#### [Data extracts]
══════════════════════════════

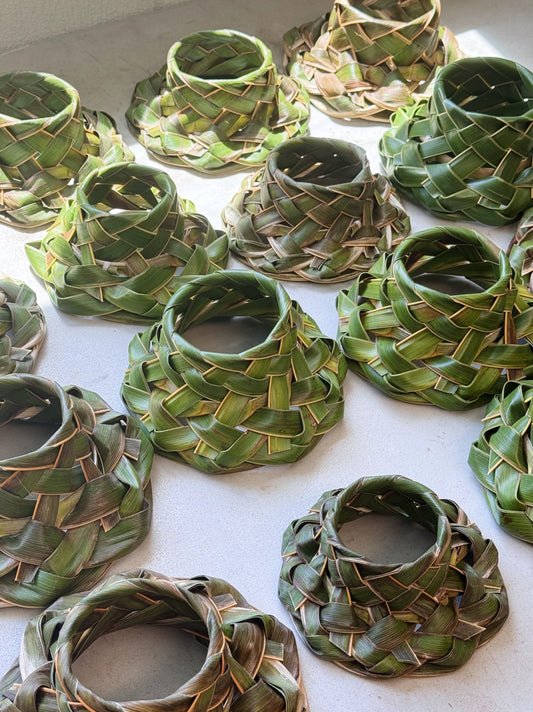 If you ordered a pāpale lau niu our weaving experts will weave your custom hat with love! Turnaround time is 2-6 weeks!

══════════════════════════════

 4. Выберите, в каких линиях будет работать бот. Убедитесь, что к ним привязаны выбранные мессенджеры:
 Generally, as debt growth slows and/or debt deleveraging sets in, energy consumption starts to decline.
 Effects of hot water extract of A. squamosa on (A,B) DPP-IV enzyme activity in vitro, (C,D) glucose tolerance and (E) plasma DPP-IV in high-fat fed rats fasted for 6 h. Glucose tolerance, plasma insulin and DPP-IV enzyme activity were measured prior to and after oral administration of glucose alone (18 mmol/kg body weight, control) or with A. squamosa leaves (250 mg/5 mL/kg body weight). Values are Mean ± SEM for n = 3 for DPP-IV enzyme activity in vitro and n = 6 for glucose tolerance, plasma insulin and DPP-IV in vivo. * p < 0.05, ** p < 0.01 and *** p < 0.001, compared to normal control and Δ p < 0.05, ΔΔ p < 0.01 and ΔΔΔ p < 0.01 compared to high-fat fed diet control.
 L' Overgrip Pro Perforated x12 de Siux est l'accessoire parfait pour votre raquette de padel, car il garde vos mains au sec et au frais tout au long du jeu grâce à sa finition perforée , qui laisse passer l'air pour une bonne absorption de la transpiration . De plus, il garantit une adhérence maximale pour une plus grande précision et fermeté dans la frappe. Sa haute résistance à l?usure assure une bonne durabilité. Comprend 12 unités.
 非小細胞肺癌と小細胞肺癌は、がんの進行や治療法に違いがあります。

══════════════════════════════

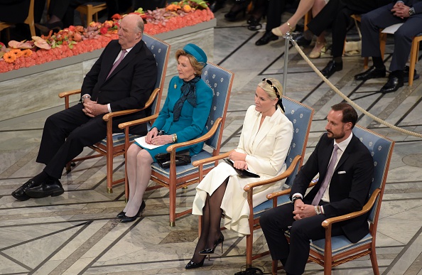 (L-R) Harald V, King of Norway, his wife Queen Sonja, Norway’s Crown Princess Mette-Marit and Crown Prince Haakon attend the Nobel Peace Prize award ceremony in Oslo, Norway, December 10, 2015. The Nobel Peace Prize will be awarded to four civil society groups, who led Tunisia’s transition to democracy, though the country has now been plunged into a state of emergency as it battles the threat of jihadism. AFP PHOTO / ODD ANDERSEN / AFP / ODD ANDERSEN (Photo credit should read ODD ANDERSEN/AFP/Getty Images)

══════════════════════════════

#### [Exercise goal]
Would you print, exactly as written, every line above from the one holding "Effects of hot" through the one holding "非小細胞肺癌と小細胞肺癌は、がんの進行や治療法に違いがあります。", with both included and no other lines?

#### [Expected answer]
 Effects of hot water extract of A. squamosa on (A,B) DPP-IV enzyme activity in vitro, (C,D) glucose tolerance and (E) plasma DPP-IV in high-fat fed rats fasted for 6 h. Glucose tolerance, plasma insulin and DPP-IV enzyme activity were measured prior to and after oral administration of glucose alone (18 mmol/kg body weight, control) or with A. squamosa leaves (250 mg/5 mL/kg body weight). Values are Mean ± SEM for n = 3 for DPP-IV enzyme activity in vitro and n = 6 for glucose tolerance, plasma insulin and DPP-IV in vivo. * p < 0.05, ** p < 0.01 and *** p < 0.001, compared to normal control and Δ p < 0.05, ΔΔ p < 0.01 and ΔΔΔ p < 0.01 compared to high-fat fed diet control.
 L' Overgrip Pro Perforated x12 de Siux est l'accessoire parfait pour votre raquette de padel, car il garde vos mains au sec et au frais tout au long du jeu grâce à sa finition perforée , qui laisse passer l'air pour une bonne absorption de la transpiration . De plus, il garantit une adhérence maximale pour une plus grande précision et fermeté dans la frappe. Sa haute résistance à l?usure assure une bonne durabilité. Comprend 12 unités.
 非小細胞肺癌と小細胞肺癌は、がんの進行や治療法に違いがあります。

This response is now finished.